Lightner shook his head. “We’ve found them easy. Trusting. Submissive to authority even before a brain tap. Not like we thought Montanans might be.” “We’ve found the same,” said Jarmillo. “So much for the Wild West. Everywhere now is a sheepfold.” “We’ve started calling them two-legged lambs,” Lightner said. “We’ll easily have the whole town sheared by dawn Friday.” With contempt as richly satisfying as his growing delight in the prospect of triumph, the chief said, “Sheared and butchered.”

That’s a wonderfully cheerful analogy.

Ears stoppered with plastic corks, throat blocked with a nearly asphyxiating mass of cinnamon roll, Jocko inserted the long thin nozzle of the aerosol can into his right nostril, pinched his nose shut around it, and triggered the gas. His eyes, already as wide as Erika had ever seen them, grew wider still and seemed to turn even a brighter yellow than usual. A peculiar sound arose from Jocko’s head, perhaps from his sinus cavities, a sound that would have been alarming and even terrifying if it had come from anyone else’s head, but which seemed to be music to Jocko, who began to dance in place. The horrific sound grew increasingly shrill until the corks popped out of Jocko’s ears and ricocheted off the kitchen cabinets.
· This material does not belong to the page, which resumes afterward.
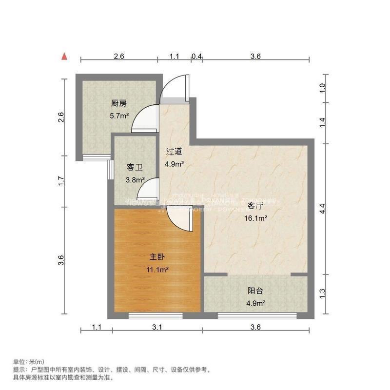 厅室1室1厅1卫1阳台

I still neither care for nor particularly understand these sections with Jocko.

Deucalion leaned forward to explain. “On the subjective level of our five senses, the arrow of time is always moving forward, but on the quantum level, the arrow of time is indeterminate and, for certain purposes, its flight can be adjusted to one’s intention. We can’t actually go back in time to affect the future, but we can travel through the past on the way to the future.” Carson said, “We don’t really need to understand.” “To bring us to Montana,” Deucalion continued, “ … let’s just imagine that for us the arrow of time flew in a circle, backward into the past for a few hours, then forward to the moment from which we departed, simultaneously moving us nearly a thousand miles through space. You were unaware of the hours the journey took backward and forward in time, because we arrived at the same moment we left. But being unaware on a subjective level has, in this case, the equivalent rehabilitating effect of sleep.” After a silence, Carson said, “I’d rather think it’s just the fresh Montana air.”

I think that’s the most he’s said about it… and I agree with Carson.

Coffee and cookies with the Frankenstein monster and the bride of Frankenstein.

I did not make that connection. In three books.

Assuming the clone was as drunk with pride and as given to vainglory as his cloner had been, his experiments would be fraught with setbacks, resulting in the perpetual revision of his schedule for world domination.

That seems a risky assumption.

“I like movies where people they laugh a lot and nice things happen,” Nummy said. “Don’t babble nonsense at me, Peaches. I’m trying to think this through.” Jamming his hands in the pockets of his new blue coat and making fists of them to stop them from shaking, Nummy said, “I mean, I don’t like them movies where people they get eaten by anything. I shut them off or change the channel.” “This is reality, boy. We only have one channel, and the only way we change it is die.”

That is a bit of a life philosophy there.